> **What is needed**
Range to reproduce from the entries below: the line with "- Webex Meeting開催中に画面下メニューのアプリボタンを押します.", the line with "Pj. Wali Kota", and every line in between. Give them exactly and give nothing else.

> **Supplied records**
—————

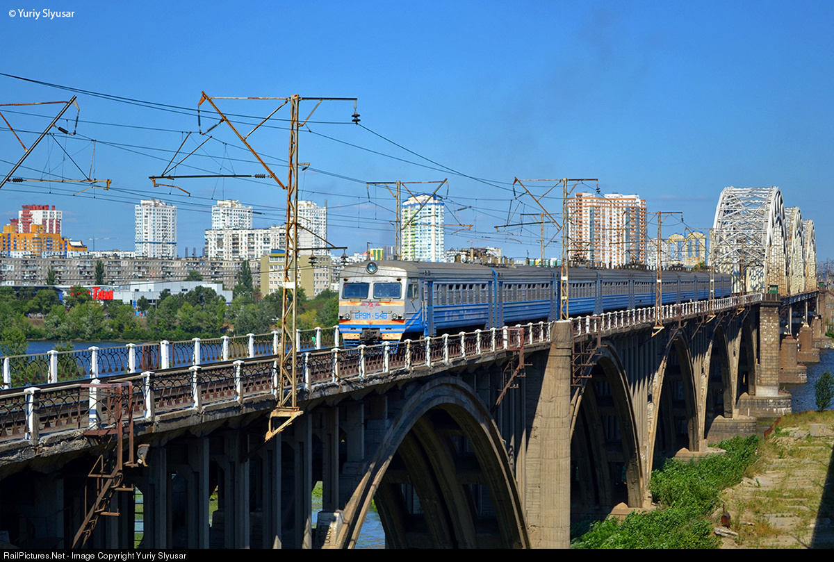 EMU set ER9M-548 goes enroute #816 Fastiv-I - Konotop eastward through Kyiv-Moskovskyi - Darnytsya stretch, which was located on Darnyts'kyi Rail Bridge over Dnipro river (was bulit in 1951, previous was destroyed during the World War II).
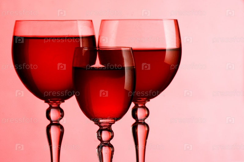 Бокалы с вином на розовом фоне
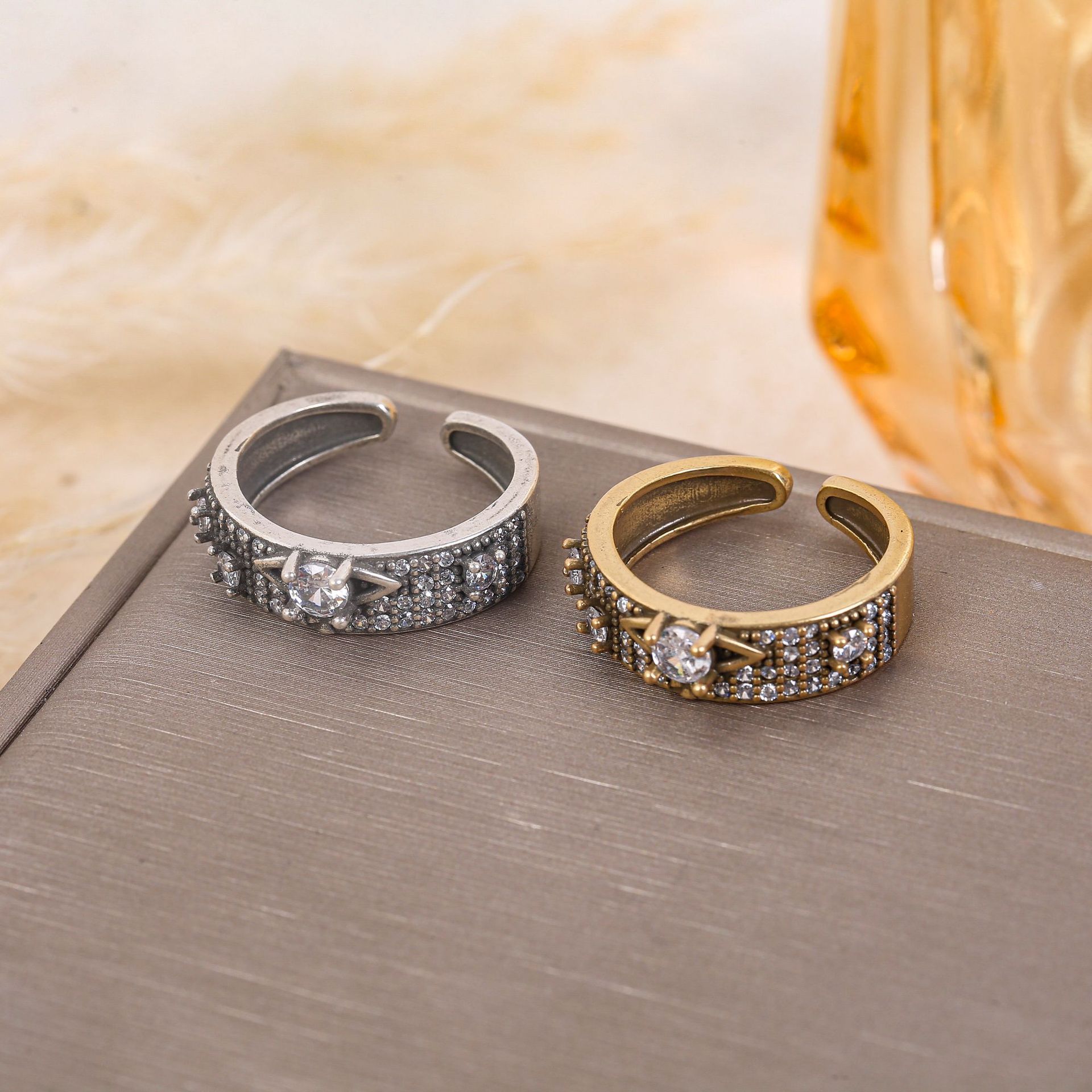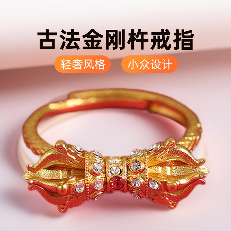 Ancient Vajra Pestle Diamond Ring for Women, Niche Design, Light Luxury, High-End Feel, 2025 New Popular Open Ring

—————

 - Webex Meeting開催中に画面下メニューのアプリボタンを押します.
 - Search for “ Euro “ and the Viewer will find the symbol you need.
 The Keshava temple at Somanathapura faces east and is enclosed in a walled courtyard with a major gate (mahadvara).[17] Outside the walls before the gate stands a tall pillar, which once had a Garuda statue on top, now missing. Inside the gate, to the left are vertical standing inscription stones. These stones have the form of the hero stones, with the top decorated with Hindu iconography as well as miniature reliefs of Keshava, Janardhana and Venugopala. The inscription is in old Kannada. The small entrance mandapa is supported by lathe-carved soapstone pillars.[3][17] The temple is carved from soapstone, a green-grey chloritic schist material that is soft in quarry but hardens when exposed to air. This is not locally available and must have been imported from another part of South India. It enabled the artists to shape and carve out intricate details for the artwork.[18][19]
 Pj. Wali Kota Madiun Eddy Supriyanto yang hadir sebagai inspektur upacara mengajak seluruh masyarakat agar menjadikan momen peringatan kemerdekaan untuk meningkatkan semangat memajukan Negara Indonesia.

—————

> **Result of the exercise**
 - Webex Meeting開催中に画面下メニューのアプリボタンを押します.
 - Search for “ Euro “ and the Viewer will find the symbol you need.
 The Keshava temple at Somanathapura faces east and is enclosed in a walled courtyard with a major gate (mahadvara).[17] Outside the walls before the gate stands a tall pillar, which once had a Garuda statue on top, now missing. Inside the gate, to the left are vertical standing inscription stones. These stones have the form of the hero stones, with the top decorated with Hindu iconography as well as miniature reliefs of Keshava, Janardhana and Venugopala. The inscription is in old Kannada. The small entrance mandapa is supported by lathe-carved soapstone pillars.[3][17] The temple is carved from soapstone, a green-grey chloritic schist material that is soft in quarry but hardens when exposed to air. This is not locally available and must have been imported from another part of South India. It enabled the artists to shape and carve out intricate details for the artwork.[18][19]
 Pj. Wali Kota Madiun Eddy Supriyanto yang hadir sebagai inspektur upacara mengajak seluruh masyarakat agar menjadikan momen peringatan kemerdekaan untuk meningkatkan semangat memajukan Negara Indonesia.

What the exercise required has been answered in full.